La France et l'Ukraine ont signé lundi une lettre d'intention historique pour l'acquisition d'avions Rafale, jusqu'à 100 potentiellement. Ce contrat placerait Kiev au premier rang des clients export de l'avion de chasse français.

L'Ukraine va faire l'acquisition massive de Rafale de Dassault ces prochaines années. © Serge Goujon / Shutterstock
L'Ukraine va faire l'acquisition massive de Rafale de Dassault ces prochaines années. © Serge Goujon / Shutterstock

Volodymyr Zelensky n'a pas hésité à parler d'« accord historique ». Reçu ce lundi 17 novembre par Emmanuel Macron sur la base aérienne de Villacoublay, le président ukrainien a signé une lettre d'intention portant sur l'achat futur de jusqu'à 100 Rafale, accompagnés de systèmes de défense antiaérienne SAMP-T et de drones. Un engagement qui survient alors que Kiev subit de nouvelles frappes russes massives et traverse une période délicate sur le front.
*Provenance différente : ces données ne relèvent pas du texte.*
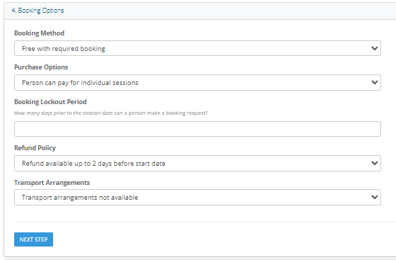 6. Set the Booking Method eg. Free with Required Booking and Person can pay for individual sessions
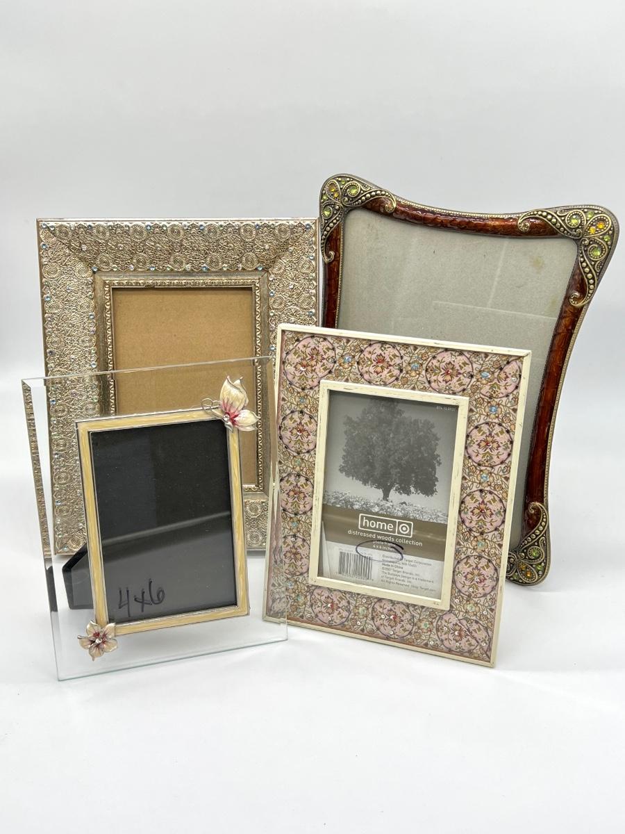 Four (4) Assorted Enameled & Bejeweled Picture Frames
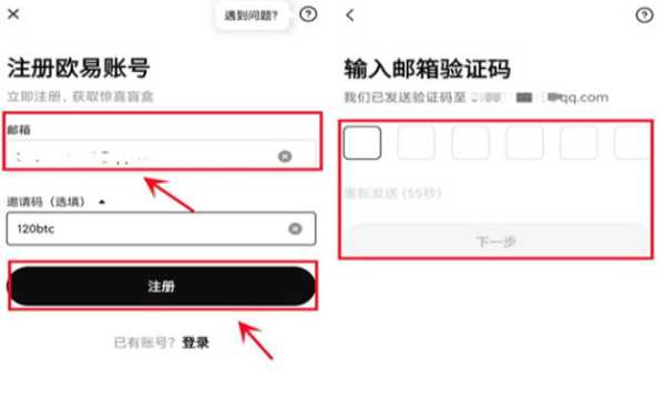 1.下载OKX APP后在首页点击“注册/登录”点击“立即注册”,输入邮箱地址,点击“注册”,然后输入邮箱收到的六位数字验证码,有效时间为10分钟
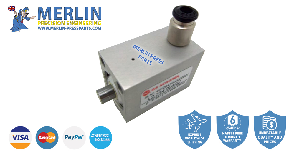 L2.334.004 Heidelberg Cylinder Valve. We stock a wide range of pneumatic parts for Heidelberg printing presses. If you are looking for high-quality or original Heidelberg printing machine parts then look no further than Merlin Press Parts. We offer industry-leading warranties and guarantees. We ship our spares for Heidelberg presses to everywhere in the world, offering express worldwide delivery with same-day-dispatch when ordered before 1 pm UK (If in stock).
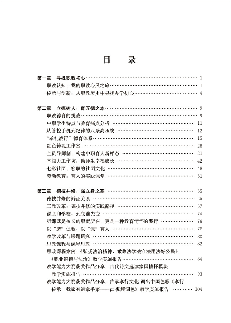 和 启 发 。第 一 章 , 寻 找 职 教 初 心 。 第 二 章 , 立 德 树 人 : 育 匠 德 之 本 。第 三 章 , 德 技 并
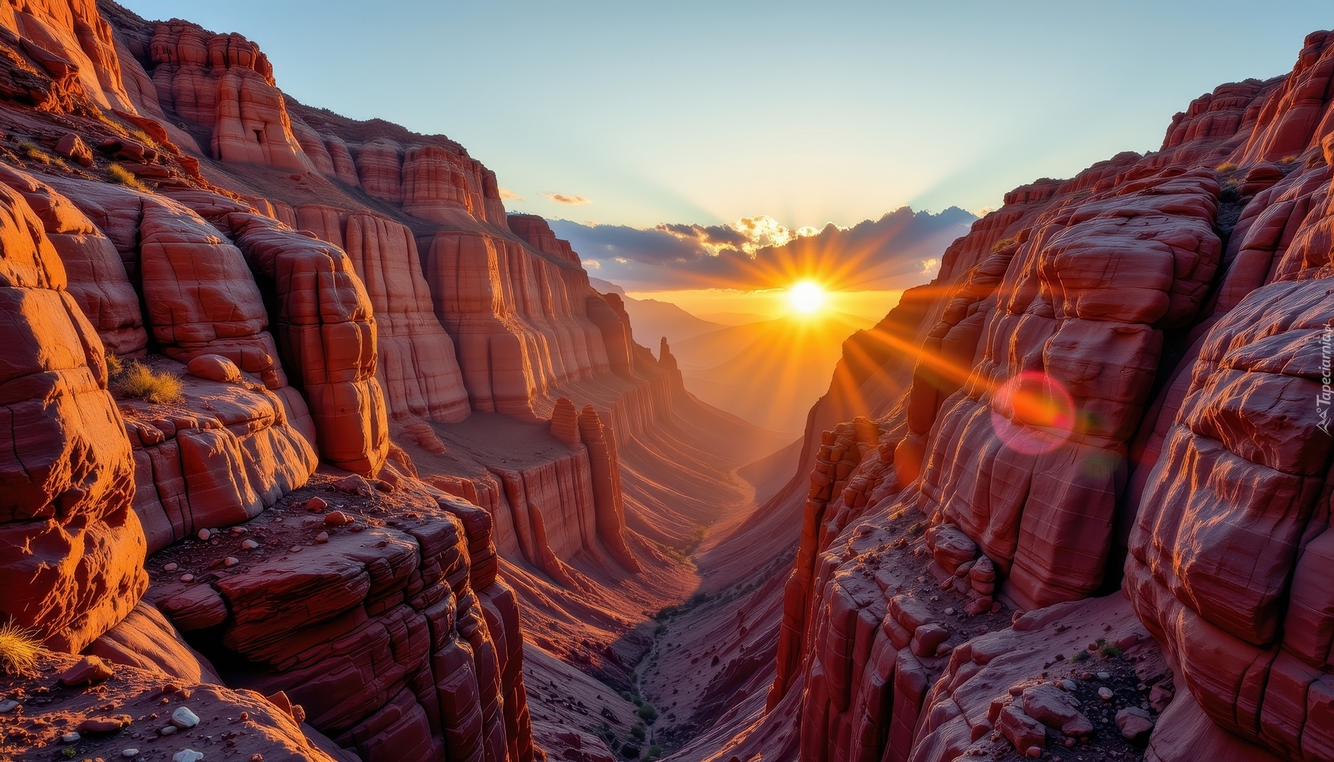 Edytor tapety: Kanion rozświetlony promieniami zachodzącego słońca
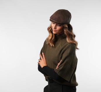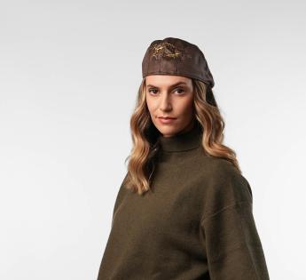Mit seinem flexiblen Material, das sich wie Pfirsichhaut anfühlt, evoziert dieser duckbill elegant die Patina von fahl Leder. Sein tiefbraunes Finish wird dezent durch ein goldenes, rissiges Muster belebt, das auf der Rückseite gestickt ist, ein Hinweis auf die Kunst des Kintsugi, bei der Unvollkommenheit kostbar wird.
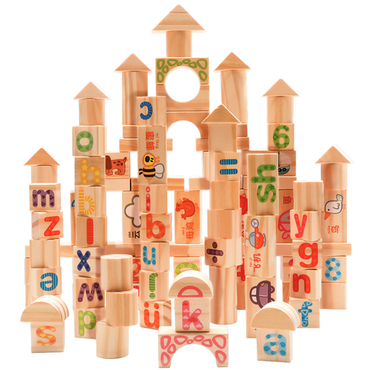 52粒榉木学拼音木丸子品牌积木 桶装城市

L'Ukraine en passe de devenir le premier client export du Rafale français

Avec ces 100 appareils Dassault, l'Ukraine détiendrait la deuxième flotte mondiale de Rafale, derrière les 225 exemplaires de l'armée française. Surtout, Kiev détrônerait les Émirats arabes unis (80 appareils), l'Inde (62) et l'Égypte (55) pour s'imposer comme premier client export du chasseur tricolore. Une perspective qui redore le blason de Dassault Aviation, dont le 300ème Rafale est sorti des chaînes de production récemment.

Mais restons lucides, cette lettre d'intention ne constitue pas une commande ferme. La facture oscillerait entre 10 et 15 milliards d'euros, selon les estimations de l'Élysée. Une somme colossale qui soulève immédiatement la question du financement pour un pays en guerre largement tributaire de l'Union européenne ces dernières années. De son côté, la présidence française assume pleinement de vouloir « mettre l'excellence française en matière d'industrie d'armement au service de la défense de l'Ukraine ».

Sur le tarmac de Villacoublay, industriels et militaires ont présenté au dirigeant ukrainien non seulement le Rafale et son armement, mais aussi le système antiaérien SAMP-T nouvelle génération, choisi notamment par le Danemark récemment. L'objectif de l'opération reste de protéger le ciel ukrainien face à l'agression russe, qui a tué au moins trois personnes dans la région de Kharkiv encore ce week-end.

Kiev n'aura pas tout de suite ses Rafale

Paris aura en tout cas fait évoluer sa doctrine, puisqu'au début du conflit, Emmanuel Macron craignait qu'un transfert d'avions de combat n'entraîne une escalade incontrôlable. Le président posait alors des conditions strictes : pas de frappes en territoire russe, pas de fragilisation des capacités françaises. Le tournant est arrivé le 6 juin 2024, avec l'annonce publique du transfert de plusieurs Mirage 2000-5F. Une décision concrétisée début 2025 lorsque Sébastien Lecornu, alors ministre des Armées, a confirmé le 6 février la livraison des premiers appareils. Six au total sont prévus d'être cédés, selon les rapports budgétaires.

En ce qui concerne les Rafale, comme le rappelle l'amiral Jean-Louis Vichot, ancien chef de mission militaire française auprès de l'Otan, sur BFMTV, « ils ne les auront pas tout de suite, ne serait-ce parce qu'il faut former les mécaniciens, les pilotes et parce qu'on a déjà du mal à avoir suffisamment de Rafale pour nous-mêmes ». Dassault Aviation anticipe néanmoins cette demande croissante en augmentant sa cadence de production jusqu'à trois avions par mois dès 2026, avec une ambition de quatre appareils par mois en 2028-2029.

La France prend donc toute sa part à la stratégie d'armement tous azimuts menée par Zelensky. Fin octobre, le dirigeant ukrainien avait déjà signé une lettre d'intention pour acquérir 100 à 150 avions de chasse Gripen suédois. Le leader ukrainien espère constituer une flotte de 250 nouveaux appareils grâce à des « discussions parallèles avec les Suédois, les Français et les Américains ». Après Villacoublay, le président Macron et lui se sont rendus au mont Valérien pour visiter l'état-major de la « force multinationale Ukraine », qui implique 35 pays et est prête à intervenir dès un éventuel cessez-le-feu.